• Directions
When you find the line with "Check the photo" among the records below, reproduce it and each line after it exactly, ending with the line with "스포츠야구[포토]'연패끊고 싶었는데'발행 : 2025.07.31".

• Dataset entries
===

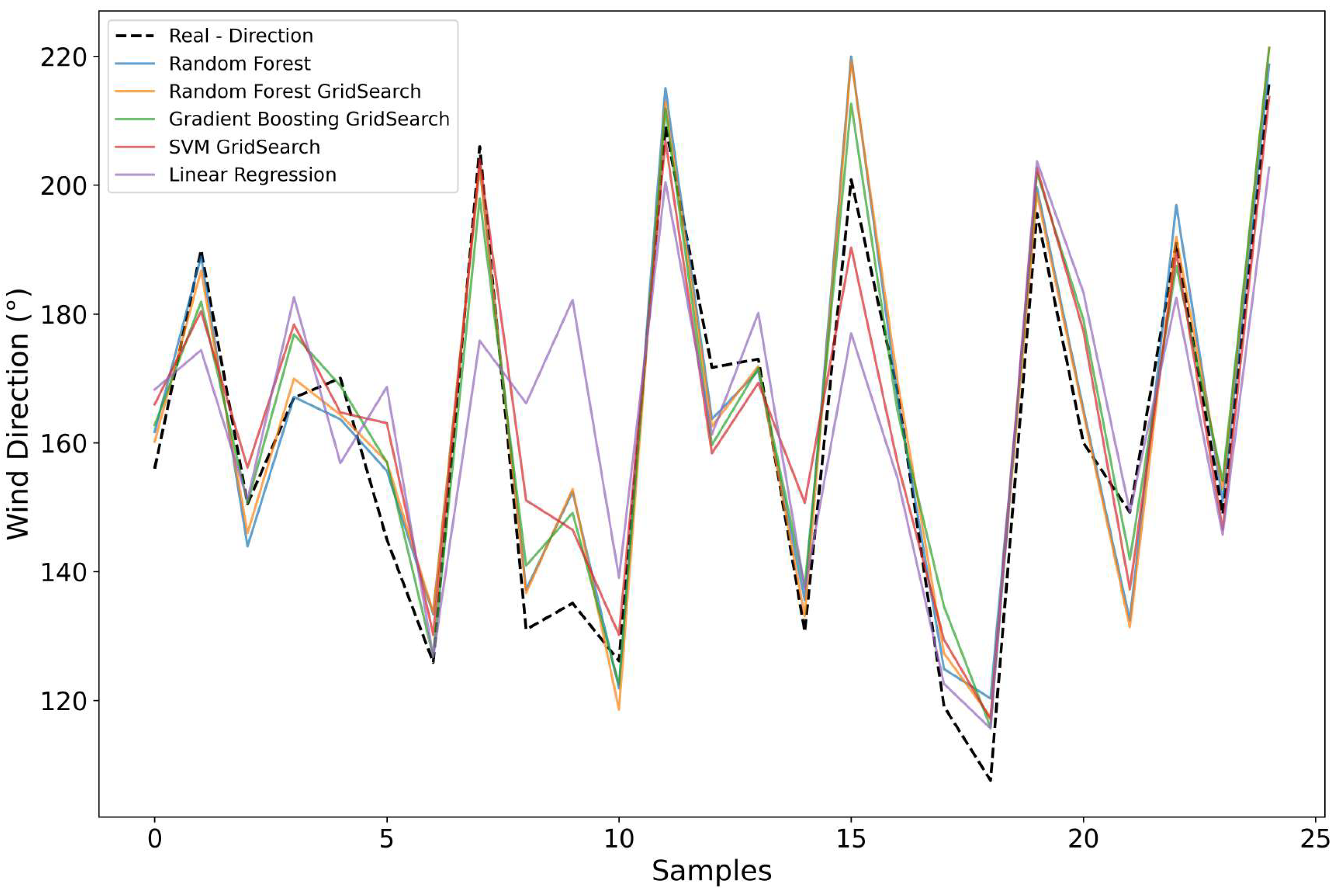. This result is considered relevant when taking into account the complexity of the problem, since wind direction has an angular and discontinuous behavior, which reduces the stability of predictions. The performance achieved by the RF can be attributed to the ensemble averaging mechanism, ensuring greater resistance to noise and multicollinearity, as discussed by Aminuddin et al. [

===

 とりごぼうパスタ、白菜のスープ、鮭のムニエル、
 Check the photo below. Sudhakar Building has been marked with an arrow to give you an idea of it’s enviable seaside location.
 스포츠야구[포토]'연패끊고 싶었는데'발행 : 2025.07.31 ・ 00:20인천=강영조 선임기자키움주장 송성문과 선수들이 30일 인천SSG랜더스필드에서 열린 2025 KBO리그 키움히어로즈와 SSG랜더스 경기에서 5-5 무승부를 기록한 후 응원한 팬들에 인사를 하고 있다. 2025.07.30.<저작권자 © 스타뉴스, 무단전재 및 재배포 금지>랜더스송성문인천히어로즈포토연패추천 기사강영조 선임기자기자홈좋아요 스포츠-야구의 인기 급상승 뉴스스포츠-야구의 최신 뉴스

===

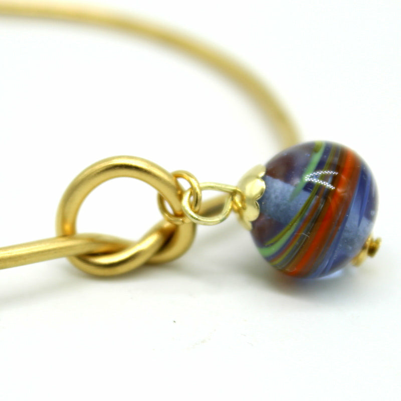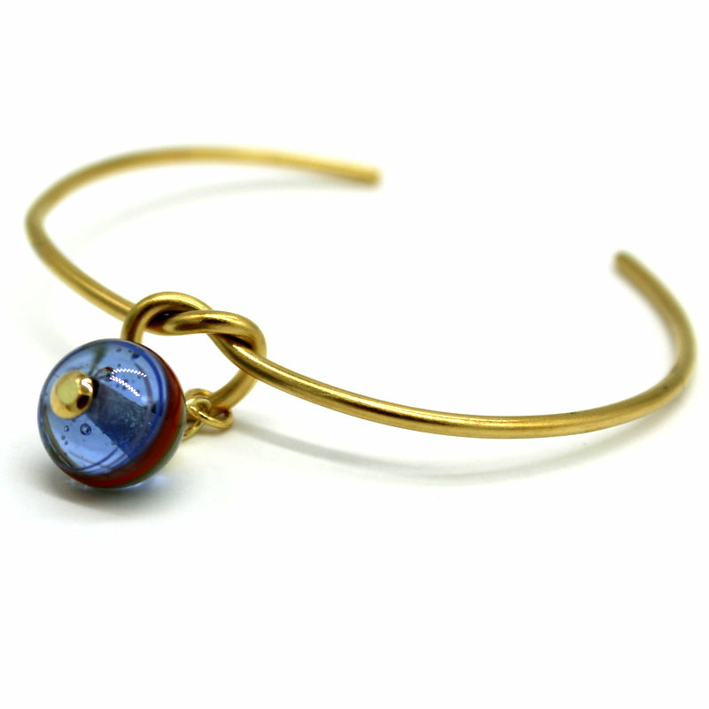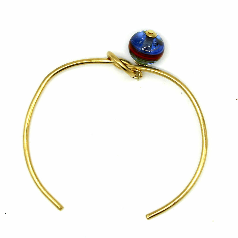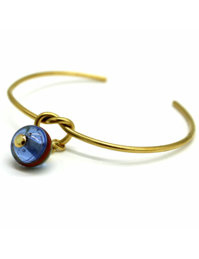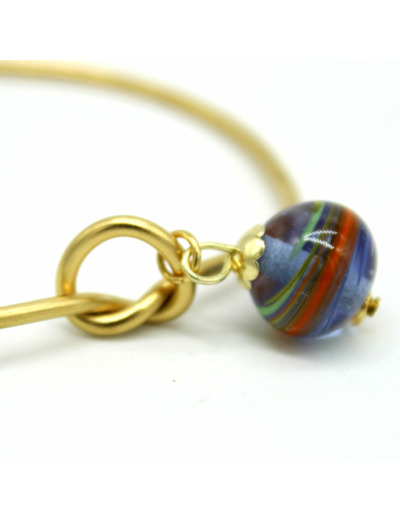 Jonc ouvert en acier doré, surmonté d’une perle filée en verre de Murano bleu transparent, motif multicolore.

===

• Expected answer
 Check the photo below. Sudhakar Building has been marked with an arrow to give you an idea of it’s enviable seaside location.
 스포츠야구[포토]'연패끊고 싶었는데'발행 : 2025.07.31 ・ 00:20인천=강영조 선임기자키움주장 송성문과 선수들이 30일 인천SSG랜더스필드에서 열린 2025 KBO리그 키움히어로즈와 SSG랜더스 경기에서 5-5 무승부를 기록한 후 응원한 팬들에 인사를 하고 있다. 2025.07.30.<저작권자 © 스타뉴스, 무단전재 및 재배포 금지>랜더스송성문인천히어로즈포토연패추천 기사강영조 선임기자기자홈좋아요 스포츠-야구의 인기 급상승 뉴스스포츠-야구의 최신 뉴스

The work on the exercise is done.